If the branch is 100% predicated then the "predicated" is hide.
Similarly, if there is no branch tsx abort, the "abort" is hide.
There is only cycles shown (cycle is supported on skylake platform,
older platform would be 0).

One example is:

|--36.73%--__random_r random_r.c:392 (cycles:9)
| __random_r random_r.c:357 (cycles:1)
| __random random.c:293 (cycles:1)
| __random random.c:293 (cycles:1)
| __random random.c:291 (cycles:1)
| __random random.c:291 (cycles:1)
| __random random.c:291 (cycles:1)
| __random random.c:288 (cycles:1)
| rand rand.c:27 (cycles:1)
| rand rand.c:26 (cycles:1)
| rand@plt +4194304 (cycles:1)
| rand@plt +4194304 (cycles:1)
| compute_flag div.c:25 (cycles:1)
| compute_flag div.c:22 (cycles:1)
| main div.c:40 (cycles:1)
| main div.c:40 (cycles:16)
| main div.c:39 (cycles:16)
| |
| |--29.93%--main div.c:39 (predicted:50.6%, cycles:1)
| | main div.c:44 (predicted:50.6%, cycles:1)

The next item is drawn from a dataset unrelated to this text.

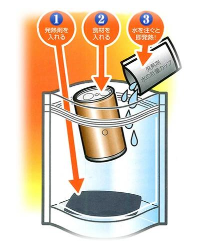 加熱袋に発熱剤と温めたい食材を入れ、あとは水を入れるだけですぐ発熱。約100℃ まで上昇し、発熱は15~20分間持続します。
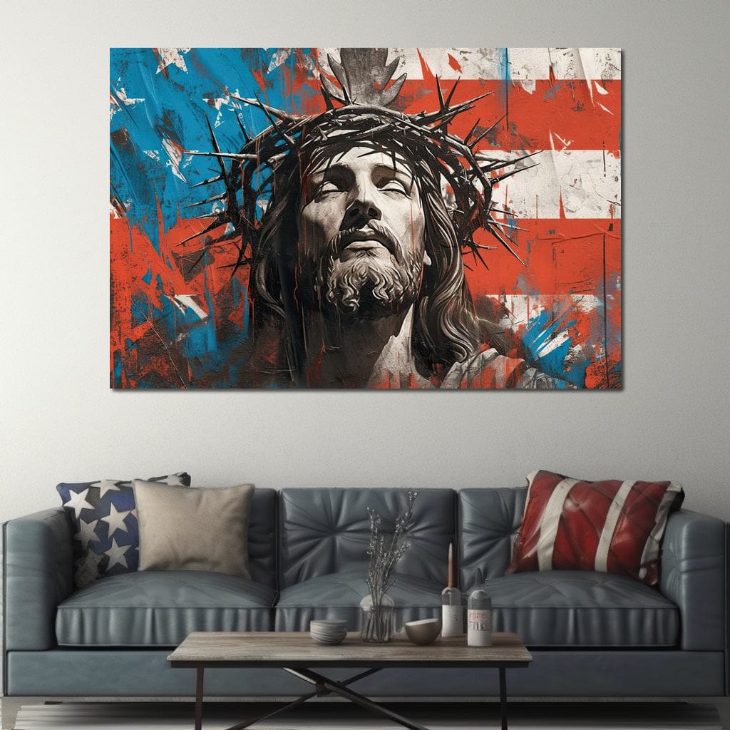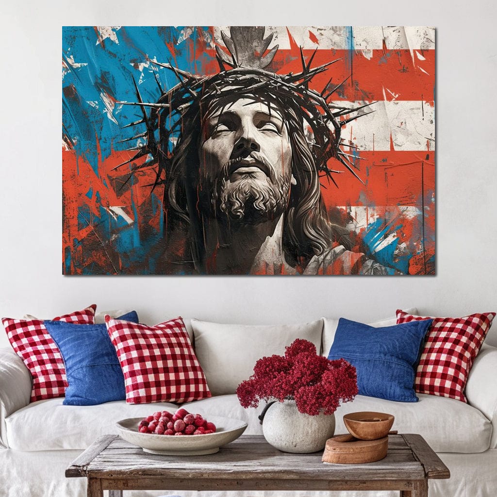 Tablou Canvas Premium LuxCanva® H1046, Sacrificiu si Natiune, Patriotism, Drapel, Libertate, Coroana de Spini, Sacrificiu, Mantuire, Arta Religioasa, Living, Dormitor

Signed-off-by: Jin Yao <[email protected]>
---
tools/perf/ui/stdio/hist.c | 30 ++++++++++++++++++++++++++----
1 file changed, 26 insertions(+), 4 deletions(-)

diff --git a/tools/perf/ui/stdio/hist.c b/tools/perf/ui/stdio/hist.c
index 89d8441..57e1f6f 100644
--- a/tools/perf/ui/stdio/hist.c
+++ b/tools/perf/ui/stdio/hist.c
@@ -41,7 +41,9 @@ static size_t ipchain__fprintf_graph(FILE *fp, struct callchain_node *node,
{
int i;
size_t ret = 0;
- char bf[1024];
+ char bf[1024], *alloc_str = NULL;
+ char buf[64];
+ const char *str;

ret += callchain__fprintf_left_margin(fp, left_margin);
for (i = 0; i < depth; i++) {
@@ -56,8 +58,21 @@ static size_t ipchain__fprintf_graph(FILE *fp, struct callchain_node *node,
} else
ret += fprintf(fp, "%s", " ");
}
- fputs(callchain_list__sym_name(chain, bf, sizeof(bf), false), fp);
+
+ str = callchain_list__sym_name(chain, bf, sizeof(bf), false);
+
+ if (symbol_conf.show_branchflag_count) {
+ callchain_list_counts__printf_value(chain, NULL,
+ buf, sizeof(buf));
+ if (asprintf(&alloc_str, "%s%s", str, buf) < 0)
+ str = "Not enough memory!";
+ else
+ str = alloc_str;
+ }
+
+ fputs(str, fp);
fputc('\n', fp);
+ free(alloc_str);
return ret;
}

@@ -219,8 +234,15 @@ static size_t callchain__fprintf_graph(FILE *fp, struct rb_root *root,
} else
ret += callchain__fprintf_left_margin(fp, left_margin);

- ret += fprintf(fp, "%s\n", callchain_list__sym_name(chain, bf, sizeof(bf),
- false));
+ ret += fprintf(fp, "%s",
+ callchain_list__sym_name(chain, bf,
+ sizeof(bf),
+ false));
+
+ if (symbol_conf.show_branchflag_count)
+ ret += callchain_list_counts__printf_value(
+ chain, fp, NULL, 0);
+ ret += fprintf(fp, "\n");

if (++entries_printed == callchain_param.print_limit)
break;
--
2.7.4

2016-10-19 16:25:15

by Jin Yao

[permalink] [raw]
Subject: [PATCH v2 5/6] perf report: Show branch info in callchain entry for browser mode

If the branch is 100% predicated then the "predicated" is hide.
Similarly, if there is no branch tsx abort, the "abort" is hide.
There is only cycles shown (cycle is supported on skylake platform,
older platform would be 0).

Signed-off-by: Jin Yao <[email protected]>
---
tools/perf/ui/browsers/hists.c | 15 +++++++++++++--
1 file changed, 13 insertions(+), 2 deletions(-)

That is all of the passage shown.